19. Masalah

8 0 0
                                    

Empat manusia di meja makan tengah menikmati sesi makan malam dengan senyap. Mereka duduk melingkari meja berbentuk persegi yang mana Juli berada tepat di seberang meja ibunya duduk, dan bersebelahan dengan
Okto yang memang telah diwanti-wanti oleh Mila sejak tadi untuk tidak pergi ke mana pun.

Dari tadi Juli dan Mila beberapa kali kedapatan saling menatap, bicara lewat isyarat serta mengangguk pahit. Meskipun Juli tidak mau merusak acara makan tersebut tapi ibu sudah siap dan hendak buka suara saat melihat suaminya telah selesai makan.

Baru saja ibu membuka mulut, ayah lebih dulu berkata, "Gimana sekolah kalian?"

Kontan saja Juli mendelik dan nyaris tersedak. Baru juga dia merasakan firasat buruk tapi ayahnya sudah memulai duluan. Buru-buru diraihnya segelas air minum kemudian meneguk dengan rakus. Melihat tingkah Juli yang tak biasa membuat ayah kembali melayangkan tanya.
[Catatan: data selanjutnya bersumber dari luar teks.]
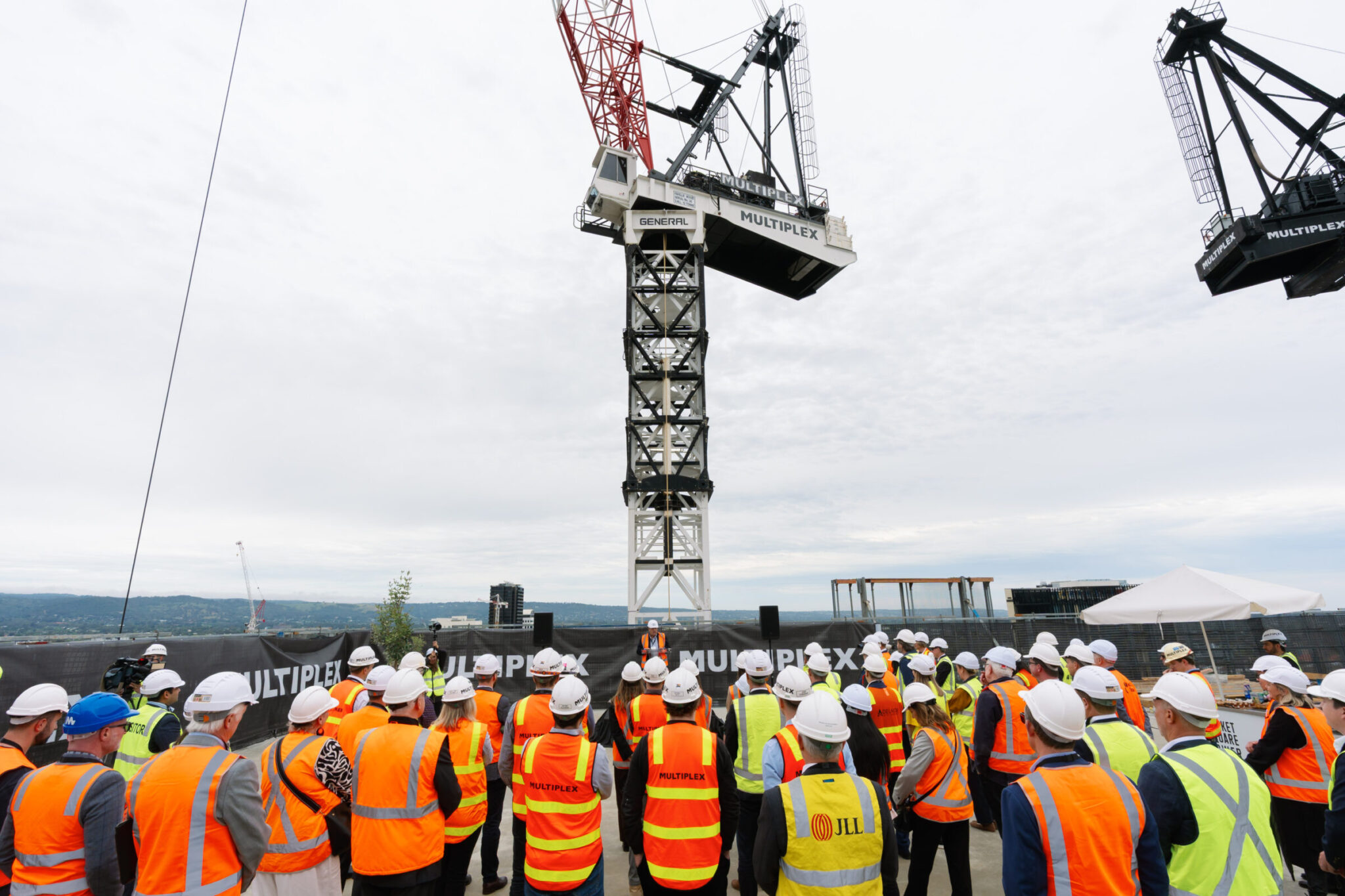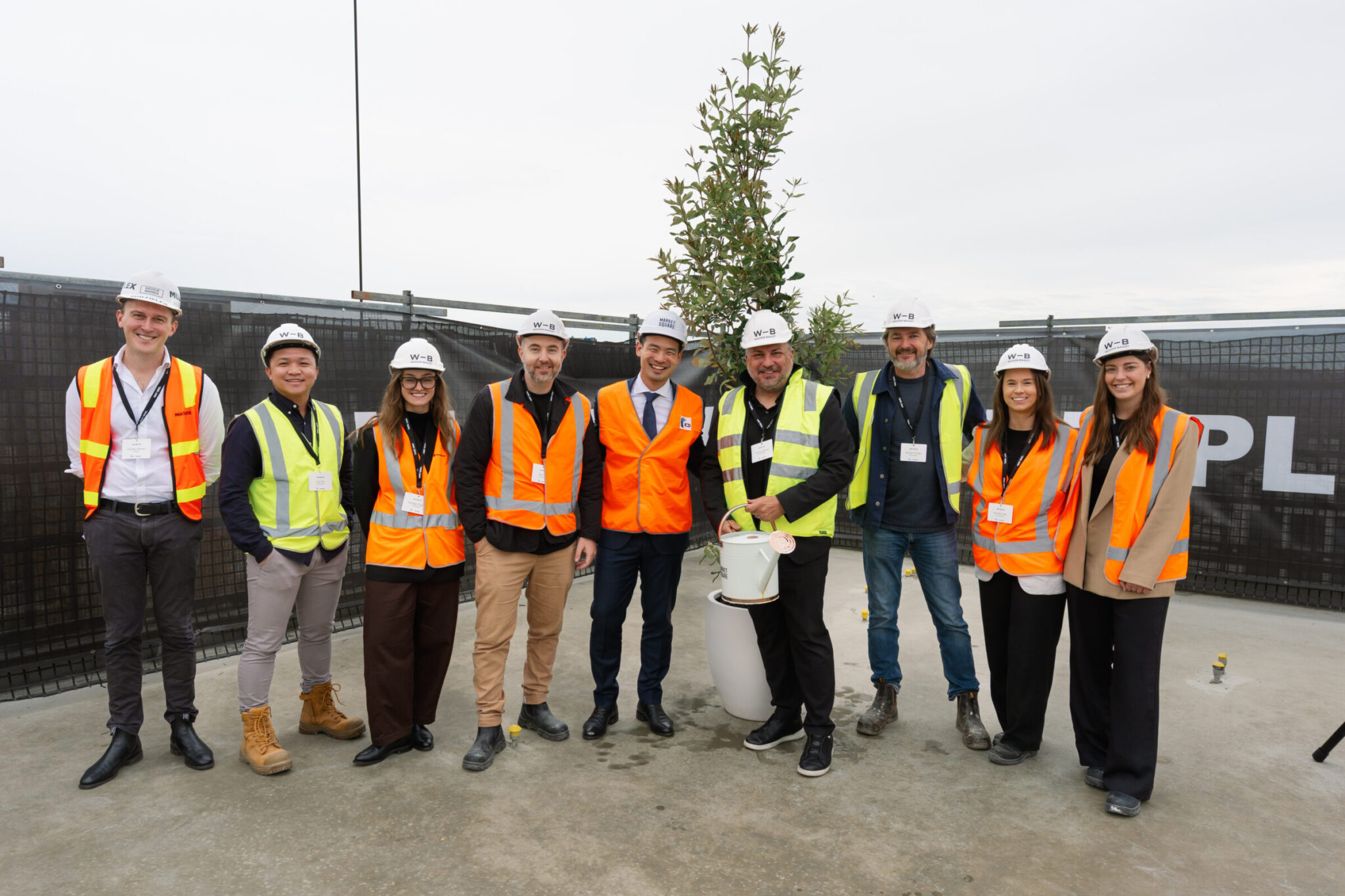 The nine-level tower reached its maximum height of 56 metres with the Gouger Street structure now completed. Project partners gathered onsite to mark the achievement, placing the ceremonial topping-out tree on the building’s highest point.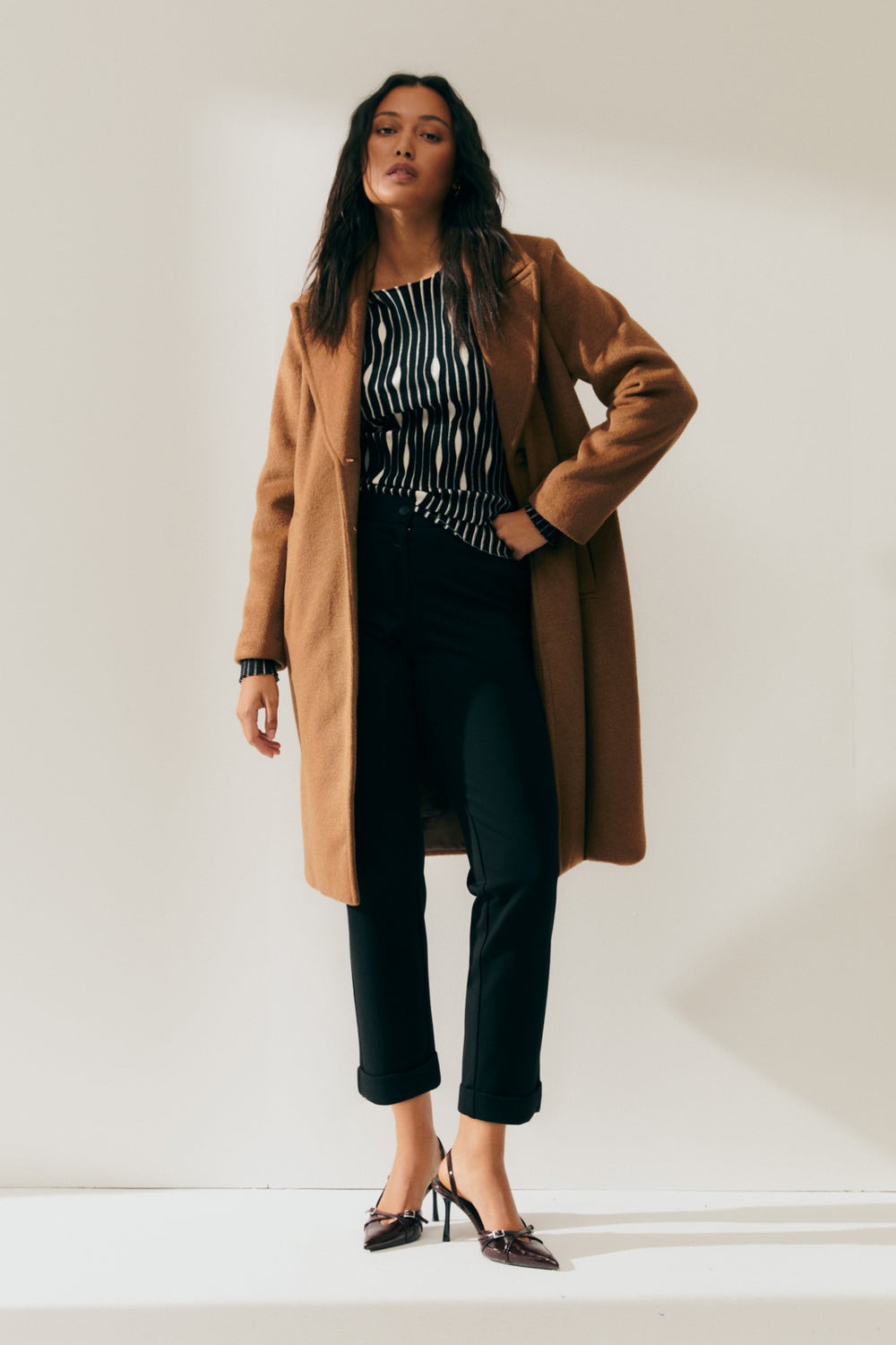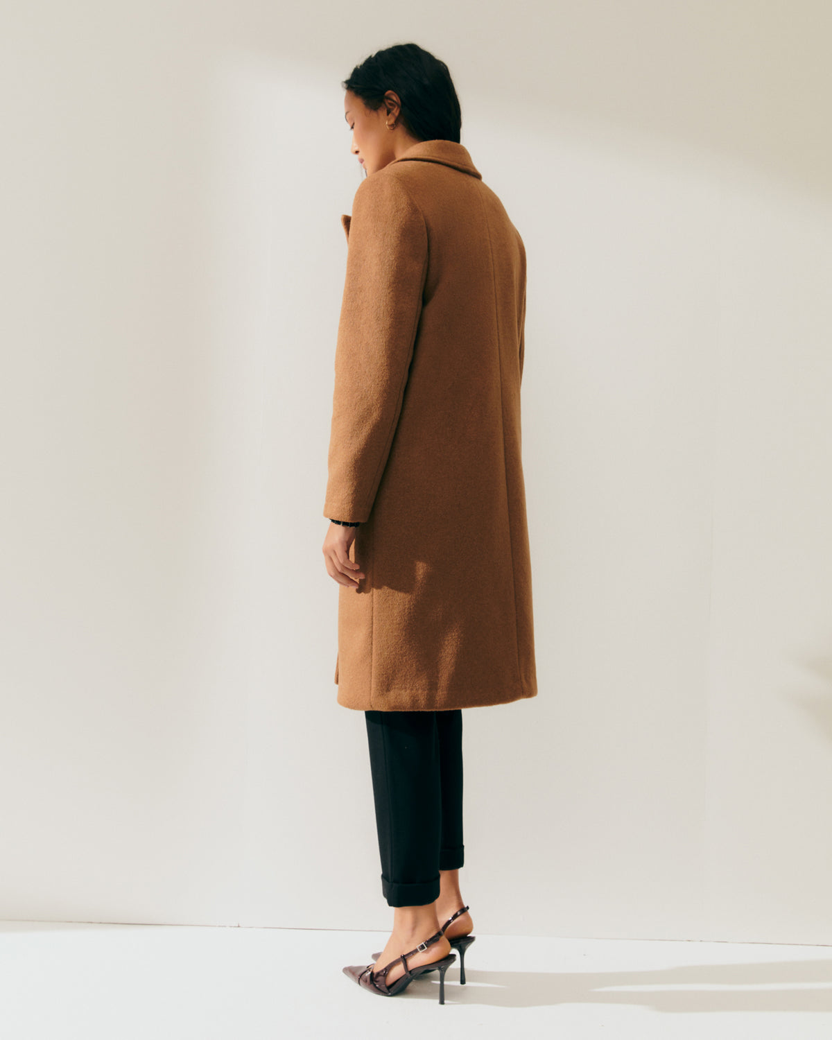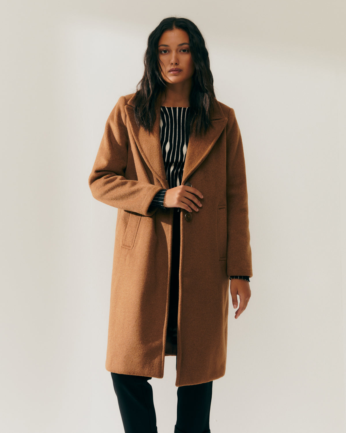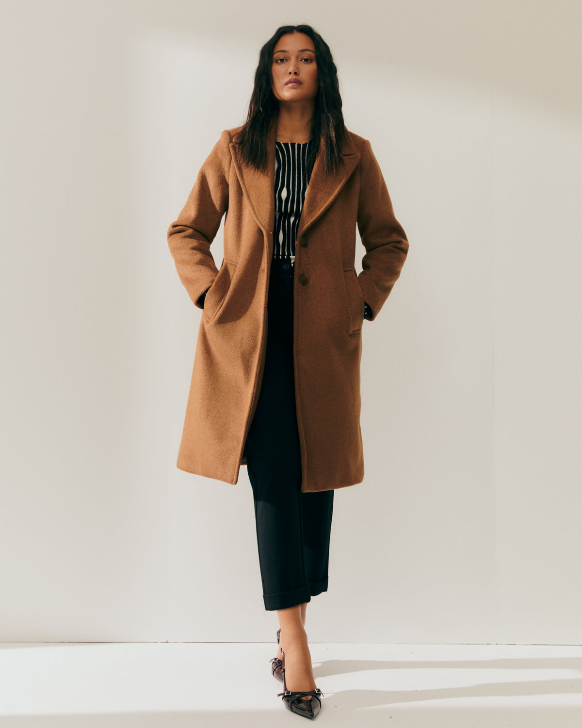 Abrigo largo y recto con cuello solapa, bolsillos laterales y forro contrastado. Cierre frontal con dos botones. Regular fit.

"Juli, Ayah tanya gimana sekolah mu?"

"Lancar, Yah," sahutnya berusaha terlihat tenang. Juli hanya merasa tak nyaman serta khawatir. Sebentar lagi bisa dipastikan akan ada badai besar di ruangan tersebut.

Ayah mengangguk sekali seraya berdeham. Senang mendengar jawaban Juli yang selalu positif dan tidak mengecewakan. Meski begitu, pandangan ayah tetap lurus menusuk seperti biasanya. Ayah selalu terlihat menyeramkan dalam kondisi apa pun, bahkan ketika dalam kondisi tenang. Pria bermata tajam itu kemudian bergerak pada Okto yang tak terpengaruh pada sekitar sekalipun debas berat ayah terdengar memecah hening.

"Okto, sekolah kamu gimana? Nggak ada masalah, kan?"

Okto tidak langsung menjawab melainkan masih santai mengunyah nasi di mulut. Butuh lima detik bagi cowok itu mendorong makanan masuk ke kerongkongan lalu melirik ke sekeliling, menatap anggota keluarga secara bergantian.

Juli sudah mendengkus saja diiringi jantung berlompatan, sedang ibu pasang muka gelisah tak tahan gundah. Lain lagi ayah, sikap pekanya mampu mengendus sesuatu yang tidak beres.

"Ada apa kok diam saja?"

"G-gini lho, Yah," sela ibu cepat sekaligus bingung harus memulai dari mana. Ibu lagi-lagi membuang napas berat ketika ayah mengangkat tangan kanannya untuk menghentikan ibu bicara.

"Ayah nanya sama kamu, Okto?"

"Aku diskor empat hari."

Bagai dilempari bom atom ayah langsung melotot tak percaya atas apa yang dia dengar barusan. Tatapan ayah berubah seketika dipenuhi segunung tanda tanya besar.

"Apa maksudnya! Jangan bercanda kamu!" Ayah berseru galak.

"Aku ngomong serius kok. Aku diskor empat hari," aku Okto mengulangi kalimatnya sama persis tanpa merasa bersalah apalagi menyesal.

Dahi ayah mengerut dalam tanda tak suka. Rahangnya mengetat keras mengetahui tabiat jelek anaknya yang tak pernah berubah.

"Kenapa? Apa kamu bikin onar lagi di sekolah, hah? Bisa-bisanya diskor, gimana ceritanya?"

Masih setengah percaya kemudian ayah menoleh pada Juli. Hanya pada putra bungsunya itu ayah menaruh rasa percaya. Sementara itu, Juli yang mendapat tatapan tak mengenakkan hanya bisa menelan saliva berkali-kali demi membasahi tenggorokan yang terasa kering kerontang. Benci sekali dia harus berada dalam situasi seperti ini secara berulang-ulang saat keributan terjadi.

"Juli, apa bener yang Abangmu katakan?" konfirmasi ayah ingin tahu yang sebenarnya. "Jangan berani bohongi Ayah, ingat itu."

"Iya, Yah, bener."

Lancar saja Juli mengakui fakta tersebut. Dia tak bisa lagi mengelak, mau bagaimana pun pada akhirnya ayah akan tahu cepat atau lambat. Seperti bangkai yang ditutupi baunya pasti akan tercium. Maka tidak perlu Juli menyembunyikan sesuatu dari Primura.